For the resolution, you are in the right and I will see what I can do to make
it better. I'll email you when I am done so you can take a look.

I use the blueprint.css framework (which has a hard-coded width), and the 3
column layout is deep in the code (I am not sure that any CSS will make 3
columns look good on 800x600), so I am not sure there is an easy fix. The
news.arc makes significant use of tables, but I had to make a decision to
replace most of them with CSS for various reasons.

------
rantfoil
Looks useful. Nice.

Small suggestion: You should reduce the leading for multiline headers, they
look too far apart so it hurts scanability.

------
antiismist
Thanks for all the feedback. I think it is really high-quality, and now my to-
do list is well stocked.
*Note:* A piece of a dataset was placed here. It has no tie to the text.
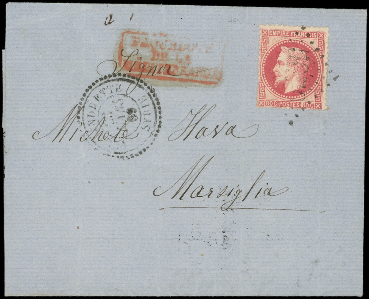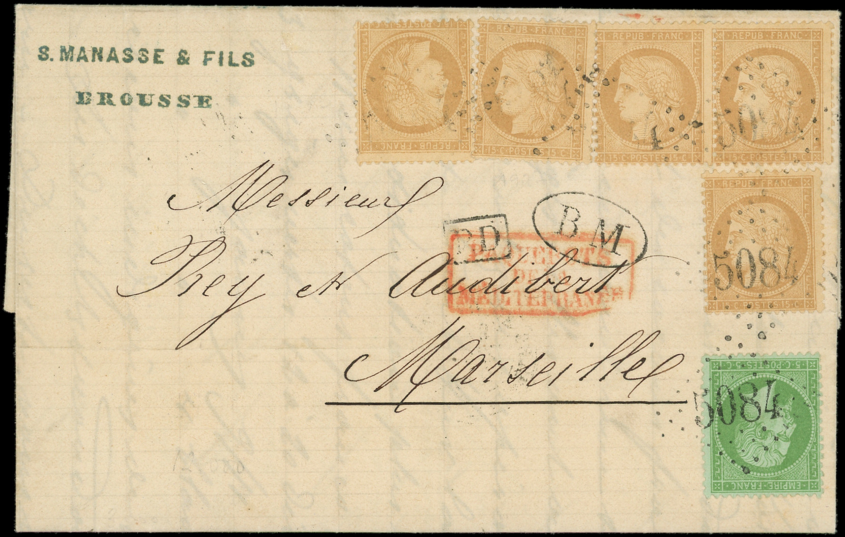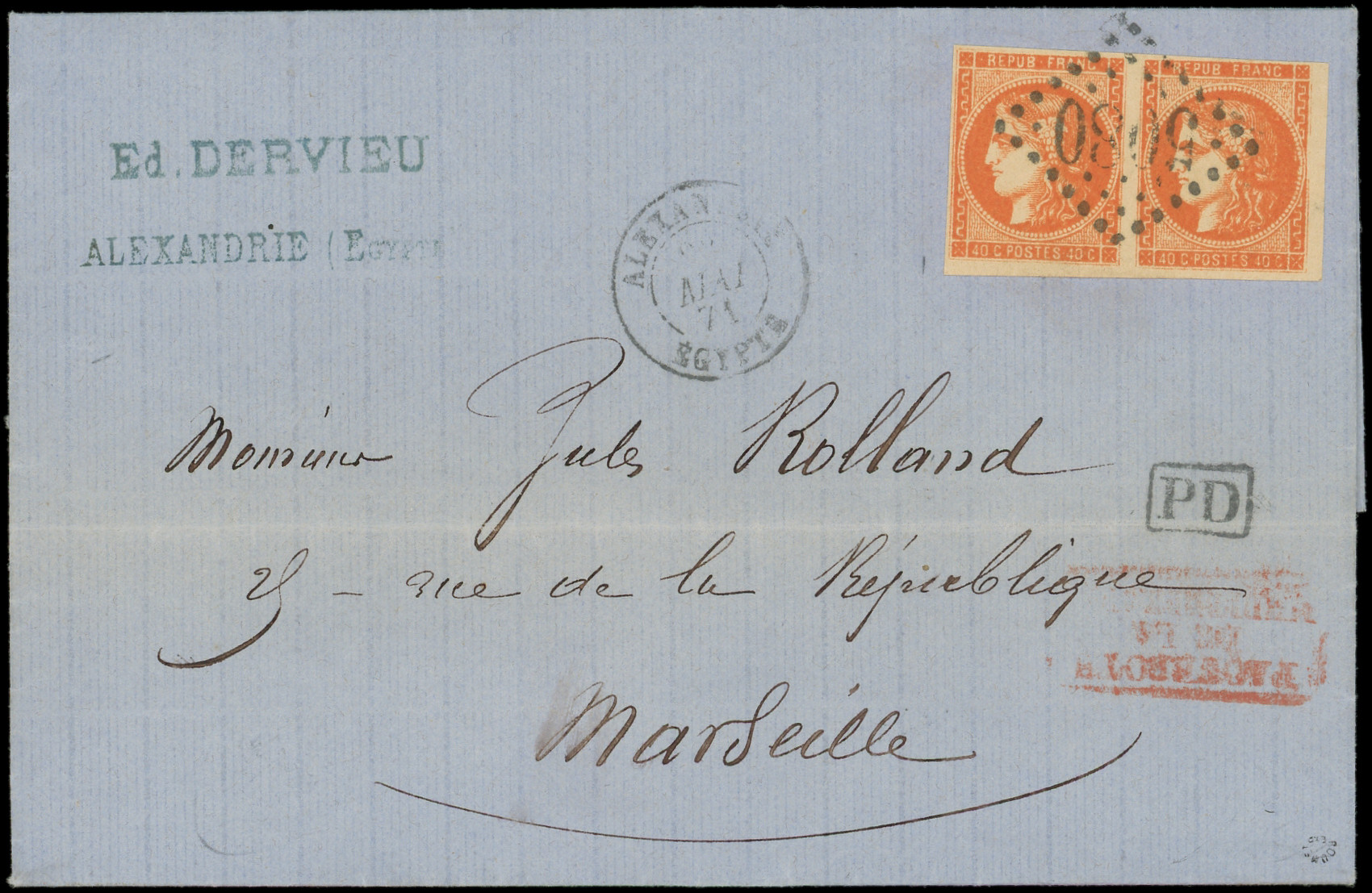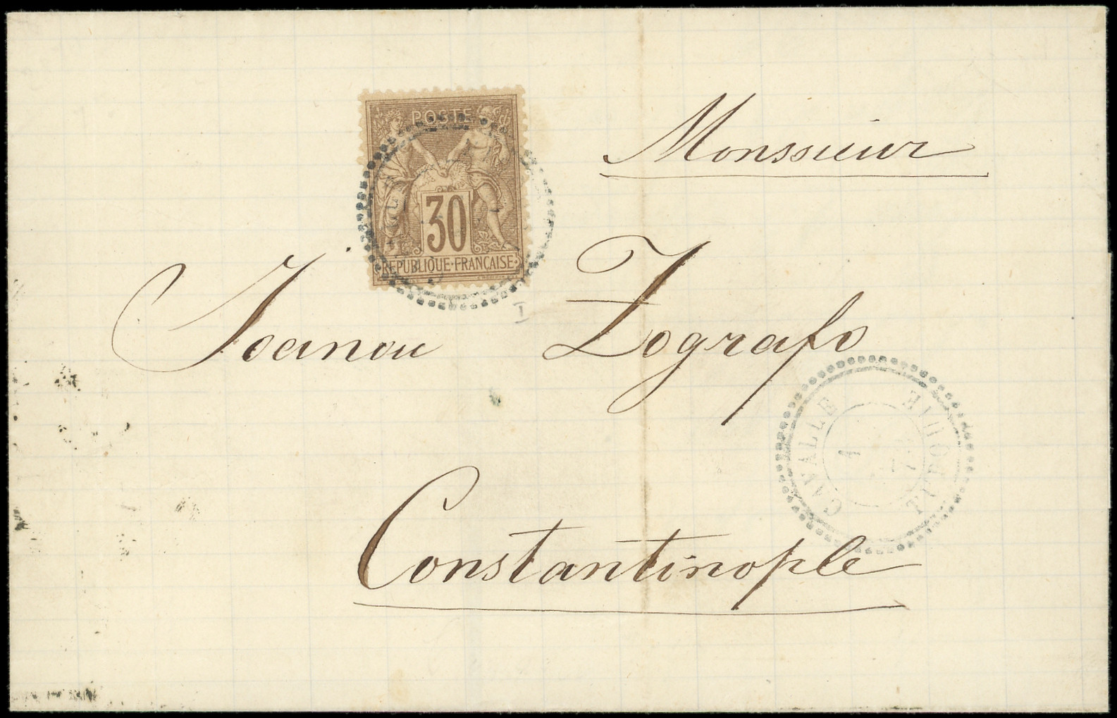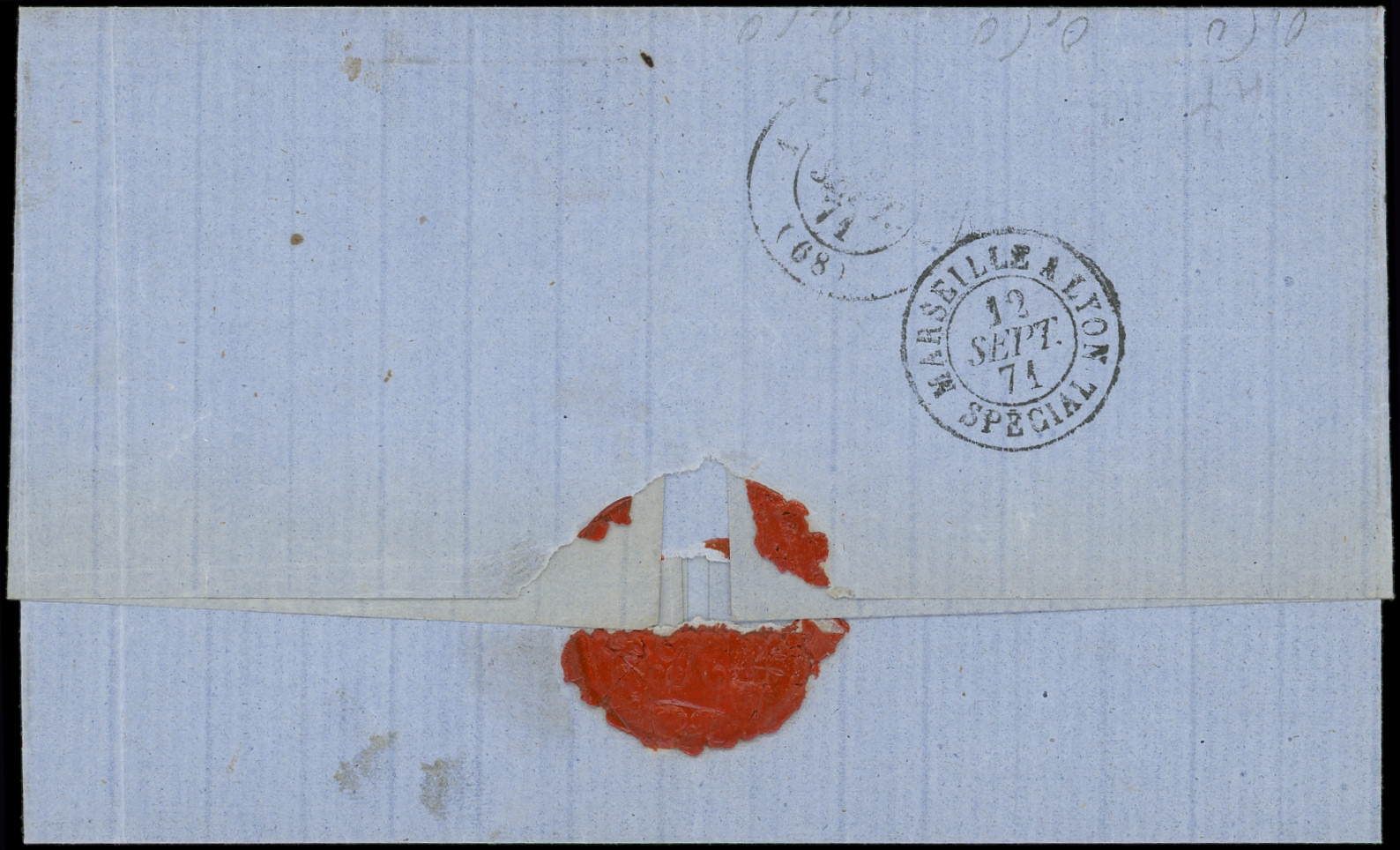 l'un effl.) et N°47 PAIRE (1 t. touché) obl. GC 5083 s. LSC, càd CONSTANTINOPLE 6/9/71, arr. Lyon, affrt RR et très plaisant (Image) (Image2)

I made some changes in the CSS area to address the
various font issues. It is still a work in progress, but I think the advice on
the sans-serif font is right on. If you get a chance, check it out and let me
know.

------
okeumeni
I like the simple short presentation or articles. At glance I get to see
pretty much all the latest articles. I will also suggest a change of domain
name pageonetimes sounds very yahoo news to me. Cool stuff, I’ll add it to my
Sports search engine.

------
Hates_
Looks good. Personally I really like the clean and simple look. Sadly I'm not
a sports fan.

------
omfut
I think it looks cool. Would probably add some colored fonts, pictures etc.

------
herdrick
I like it! Nice job, Idoh.

------
tyohn
I like the site but have you considered adding a search?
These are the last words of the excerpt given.